• WORK REQUIRED
What is needed is a word-for-word copy of every record below, minus the pictures.

*** Opening of THE INPUT ***

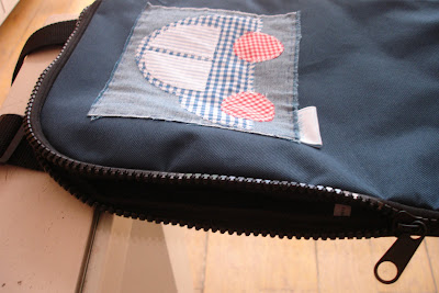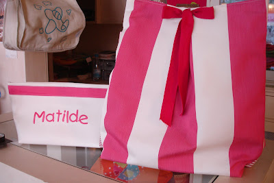 Saco grande em lona e tecido, com quatro bolsos exteriores (21,00) e bolsa de toilette em tecido com aplicação em feltro (12,00)
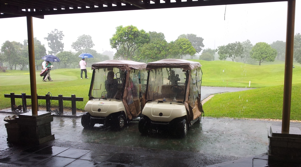 These “before” and “after” photos of the course, the first looking out from the restaurant area at the very time we were due to go out, and the second taken just after our last group came off, serve to perfectly illustrate the worth of a good Pawang Hujan. We understand that Jokowi is after his services so we hope that Graham won’t be too busy to help Tee Set out on Sundays in future.
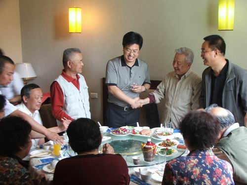 之后,院领导与老同志们共进午餐。领导们与老同志愉快地交谈,其乐融融,老同志们小别重逢后也格外亲热,餐厅中洋溢着一片温暖、热烈、和谐的气氛。
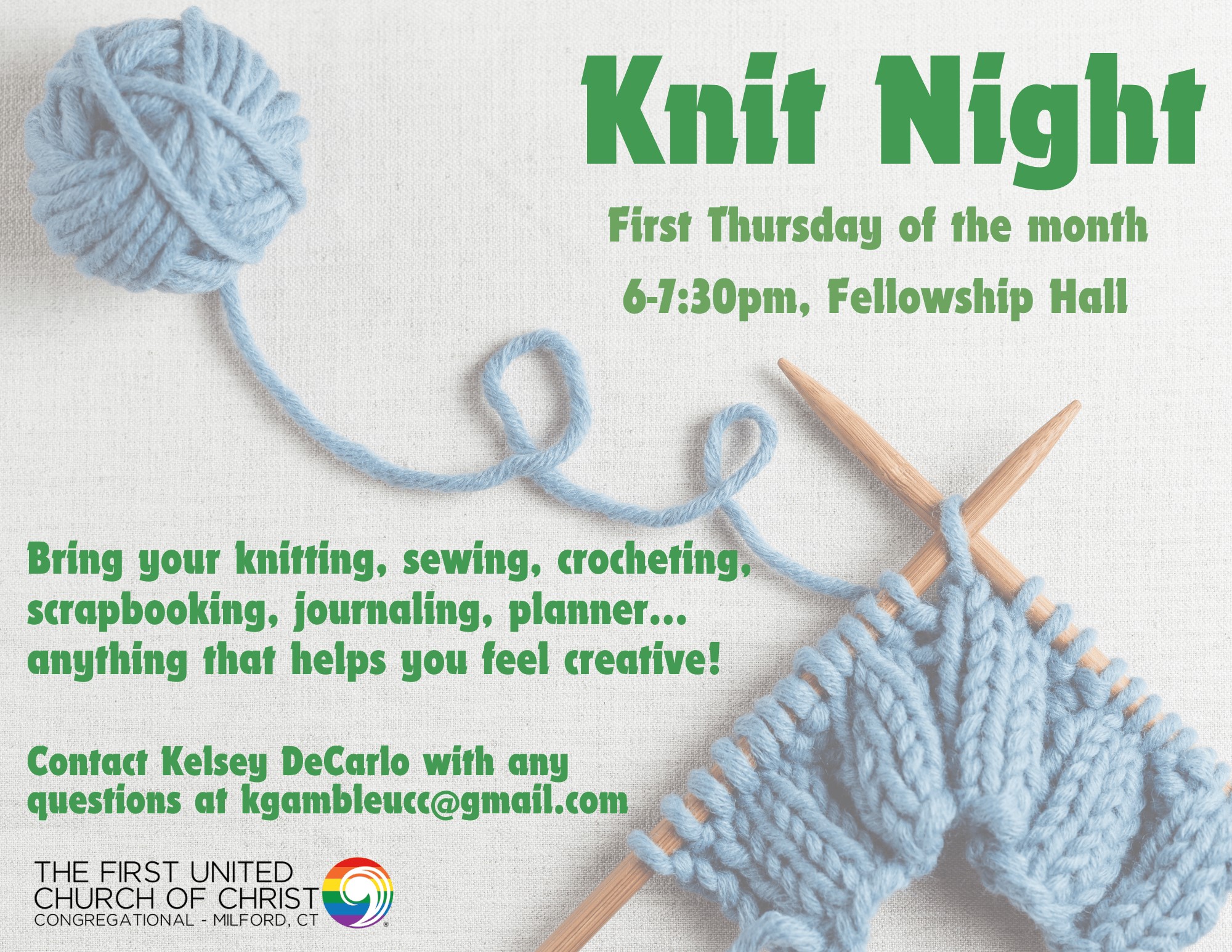 May 7 Featured 6:00 pm - 7:30 pm Knit Night at First United Church, Milford Fellowship Hall 34 West Main St, Milford Event Details Get Directions
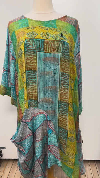 Customers are drawn to the unique, asymmetrical hemline and sculptural self-pocket design of this tunic, available in a multitude of colors and patterns. Crafted of upcycled crepe or georgette silk for supreme comfort and a flattering fit, this piece features a generous cut that fits most sizes. Confirm exact measurements on the Video tab below and explore styling tips with the accompanying video.

*** Close of THE INPUT ***

• THE ANSWER
 Saco grande em lona e tecido, com quatro bolsos exteriores (21,00) e bolsa de toilette em tecido com aplicação em feltro (12,00)
 These “before” and “after” photos of the course, the first looking out from the restaurant area at the very time we were due to go out, and the second taken just after our last group came off, serve to perfectly illustrate the worth of a good Pawang Hujan. We understand that Jokowi is after his services so we hope that Graham won’t be too busy to help Tee Set out on Sundays in future.
 之后,院领导与老同志们共进午餐。领导们与老同志愉快地交谈,其乐融融,老同志们小别重逢后也格外亲热,餐厅中洋溢着一片温暖、热烈、和谐的气氛。
 May 7 Featured 6:00 pm - 7:30 pm Knit Night at First United Church, Milford Fellowship Hall 34 West Main St, Milford Event Details Get Directions
 Customers are drawn to the unique, asymmetrical hemline and sculptural self-pocket design of this tunic, available in a multitude of colors and patterns. Crafted of upcycled crepe or georgette silk for supreme comfort and a flattering fit, this piece features a generous cut that fits most sizes. Confirm exact measurements on the Video tab below and explore styling tips with the accompanying video.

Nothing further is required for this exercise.